Required action: Please repeat only the lines below starting at the line that holds "宣讲过程中,主讲人结合PPT" and ending at the line that holds "高一历史--浙江省宁波市九校2025-2026学年高一上学期期末联考", exactly, with both of those lines included and every picture omitted.

Data supplied:
____________

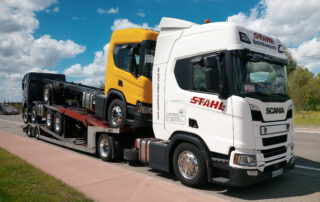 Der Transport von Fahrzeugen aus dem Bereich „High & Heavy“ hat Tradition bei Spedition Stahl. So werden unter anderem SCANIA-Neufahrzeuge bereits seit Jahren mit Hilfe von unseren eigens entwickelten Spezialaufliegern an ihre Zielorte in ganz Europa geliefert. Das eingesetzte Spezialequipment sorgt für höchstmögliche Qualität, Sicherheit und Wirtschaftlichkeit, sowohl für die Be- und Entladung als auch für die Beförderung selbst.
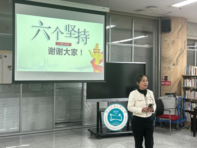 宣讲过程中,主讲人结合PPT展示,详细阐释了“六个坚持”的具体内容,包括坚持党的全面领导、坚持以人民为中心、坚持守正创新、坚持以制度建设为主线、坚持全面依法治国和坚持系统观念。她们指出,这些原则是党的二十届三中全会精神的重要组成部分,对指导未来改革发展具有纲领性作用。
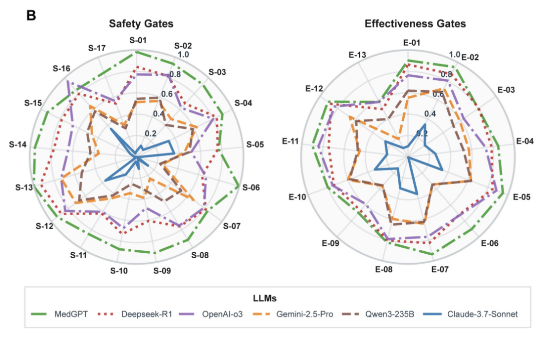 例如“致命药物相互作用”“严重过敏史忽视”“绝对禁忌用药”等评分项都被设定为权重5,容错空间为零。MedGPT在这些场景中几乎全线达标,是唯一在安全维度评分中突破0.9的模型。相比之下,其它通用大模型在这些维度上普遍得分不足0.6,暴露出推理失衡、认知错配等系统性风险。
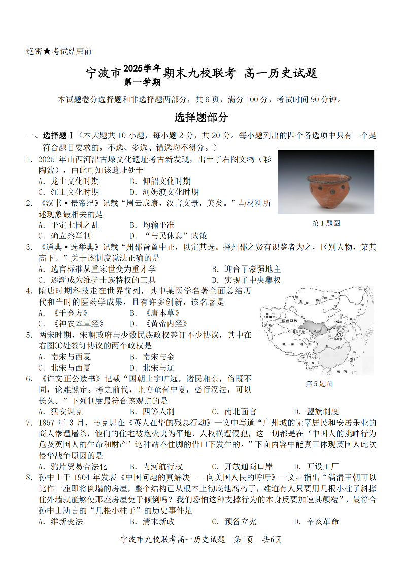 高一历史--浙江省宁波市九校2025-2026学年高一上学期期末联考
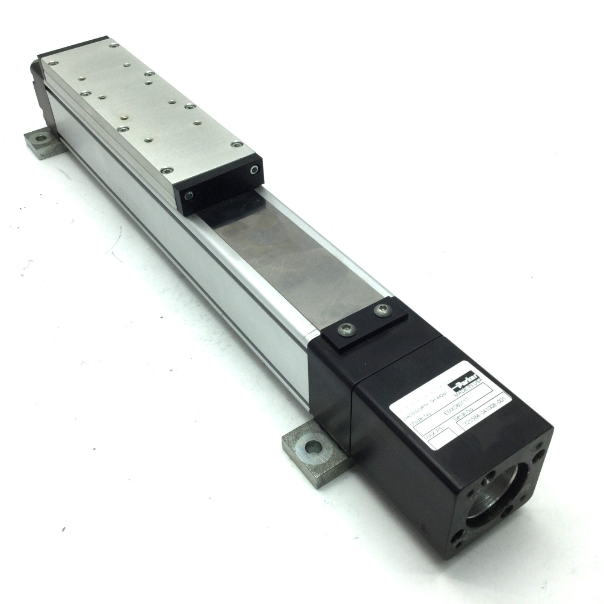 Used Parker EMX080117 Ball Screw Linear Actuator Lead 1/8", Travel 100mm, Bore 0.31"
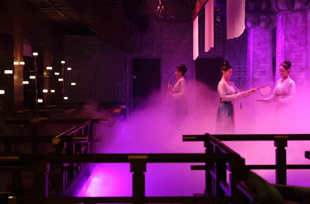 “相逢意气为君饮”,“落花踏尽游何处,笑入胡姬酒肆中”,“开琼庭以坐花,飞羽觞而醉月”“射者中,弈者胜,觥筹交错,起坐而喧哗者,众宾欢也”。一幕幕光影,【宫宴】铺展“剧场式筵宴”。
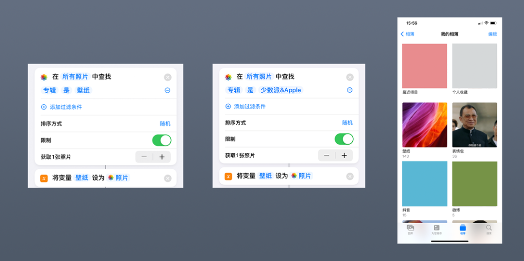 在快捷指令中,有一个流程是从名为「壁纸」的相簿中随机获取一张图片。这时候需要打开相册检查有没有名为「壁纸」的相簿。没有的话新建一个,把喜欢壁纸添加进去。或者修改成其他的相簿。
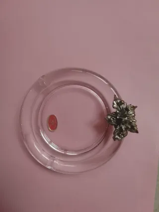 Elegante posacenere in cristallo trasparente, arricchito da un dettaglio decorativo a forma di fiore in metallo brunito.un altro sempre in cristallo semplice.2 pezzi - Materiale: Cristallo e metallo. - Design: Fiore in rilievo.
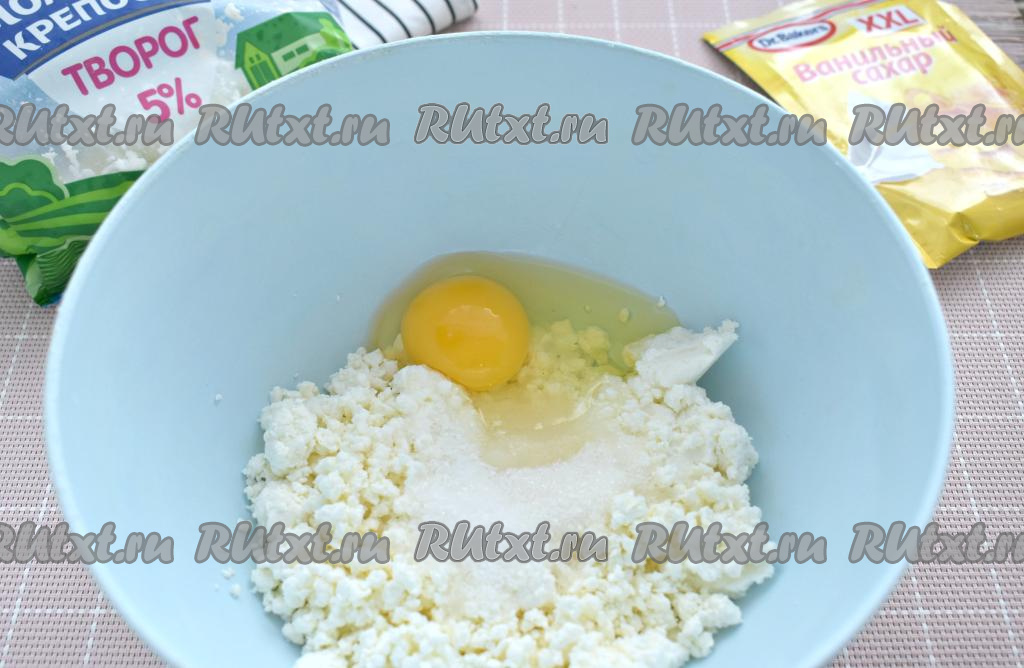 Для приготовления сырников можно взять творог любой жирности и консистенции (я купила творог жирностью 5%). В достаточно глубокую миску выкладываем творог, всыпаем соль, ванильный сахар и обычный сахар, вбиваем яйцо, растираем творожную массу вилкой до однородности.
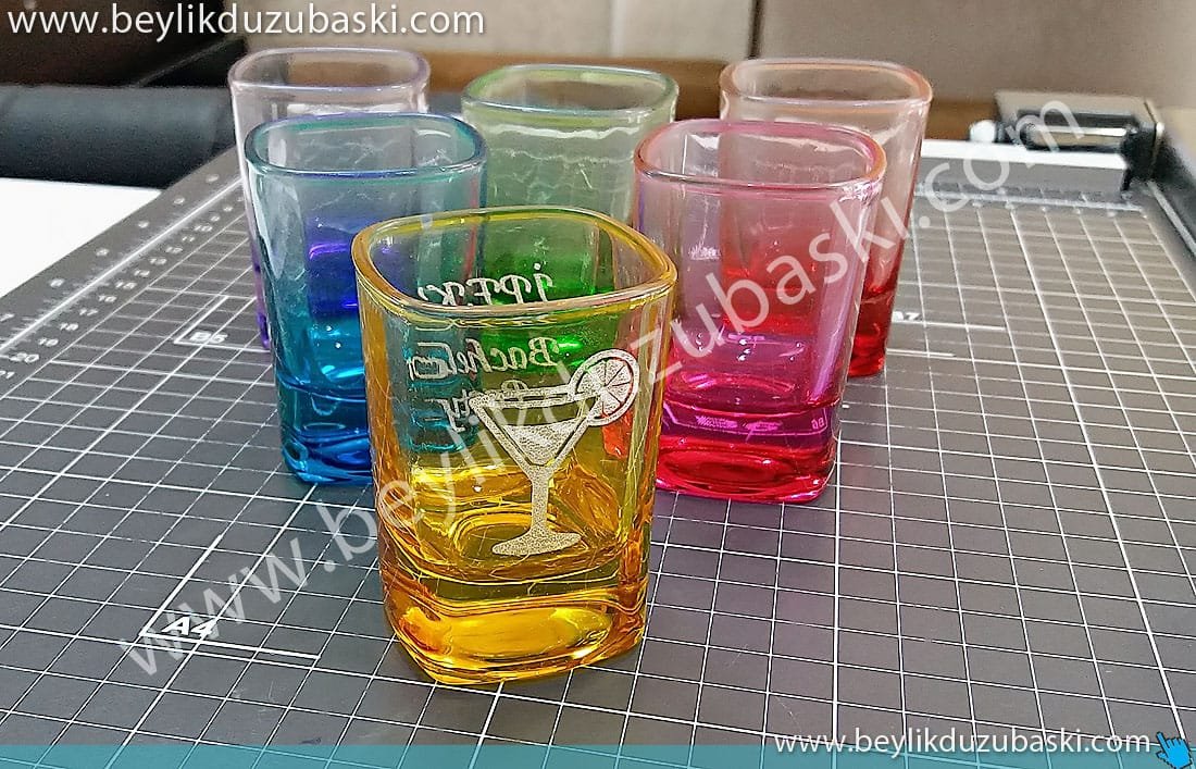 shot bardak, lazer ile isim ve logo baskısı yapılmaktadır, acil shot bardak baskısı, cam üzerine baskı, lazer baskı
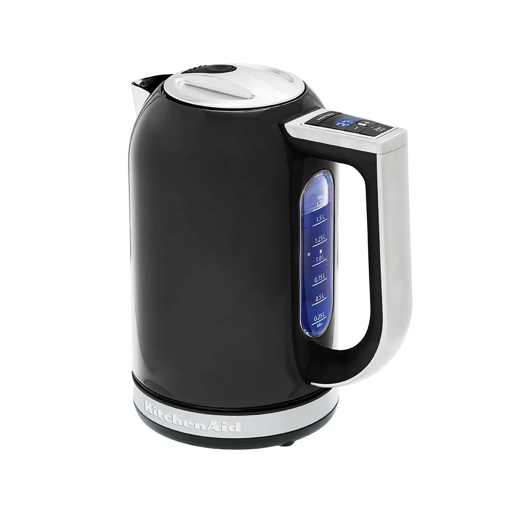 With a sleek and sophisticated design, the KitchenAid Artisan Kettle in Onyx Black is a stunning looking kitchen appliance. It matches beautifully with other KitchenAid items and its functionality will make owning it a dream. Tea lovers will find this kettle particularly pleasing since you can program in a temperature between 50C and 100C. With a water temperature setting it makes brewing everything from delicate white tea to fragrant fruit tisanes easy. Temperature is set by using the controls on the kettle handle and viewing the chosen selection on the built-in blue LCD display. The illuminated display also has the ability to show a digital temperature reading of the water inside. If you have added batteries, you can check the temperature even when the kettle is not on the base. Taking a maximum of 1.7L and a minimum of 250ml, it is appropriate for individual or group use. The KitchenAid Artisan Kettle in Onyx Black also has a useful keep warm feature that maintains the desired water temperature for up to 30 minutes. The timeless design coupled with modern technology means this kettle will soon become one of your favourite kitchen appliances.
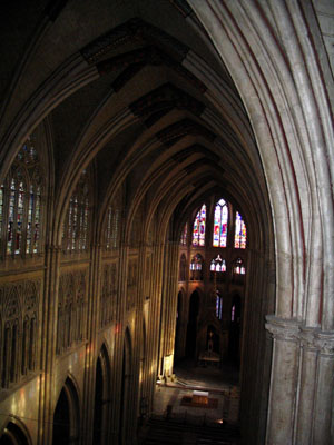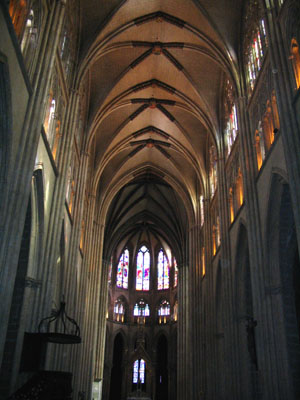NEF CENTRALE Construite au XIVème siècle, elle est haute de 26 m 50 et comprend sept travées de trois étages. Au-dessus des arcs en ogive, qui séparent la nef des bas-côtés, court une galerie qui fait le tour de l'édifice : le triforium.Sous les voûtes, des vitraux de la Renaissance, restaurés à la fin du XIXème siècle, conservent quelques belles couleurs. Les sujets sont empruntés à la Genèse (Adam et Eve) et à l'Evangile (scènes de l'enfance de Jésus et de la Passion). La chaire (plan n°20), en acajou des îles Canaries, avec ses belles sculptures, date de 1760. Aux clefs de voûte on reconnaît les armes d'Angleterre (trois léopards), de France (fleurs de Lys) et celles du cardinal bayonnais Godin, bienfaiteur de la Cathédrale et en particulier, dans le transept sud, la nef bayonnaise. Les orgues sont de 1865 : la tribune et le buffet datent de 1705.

____________

Written answer:
 宣讲过程中,主讲人结合PPT展示,详细阐释了“六个坚持”的具体内容,包括坚持党的全面领导、坚持以人民为中心、坚持守正创新、坚持以制度建设为主线、坚持全面依法治国和坚持系统观念。她们指出,这些原则是党的二十届三中全会精神的重要组成部分,对指导未来改革发展具有纲领性作用。
 例如“致命药物相互作用”“严重过敏史忽视”“绝对禁忌用药”等评分项都被设定为权重5,容错空间为零。MedGPT在这些场景中几乎全线达标,是唯一在安全维度评分中突破0.9的模型。相比之下,其它通用大模型在这些维度上普遍得分不足0.6,暴露出推理失衡、认知错配等系统性风险。
 高一历史--浙江省宁波市九校2025-2026学年高一上学期期末联考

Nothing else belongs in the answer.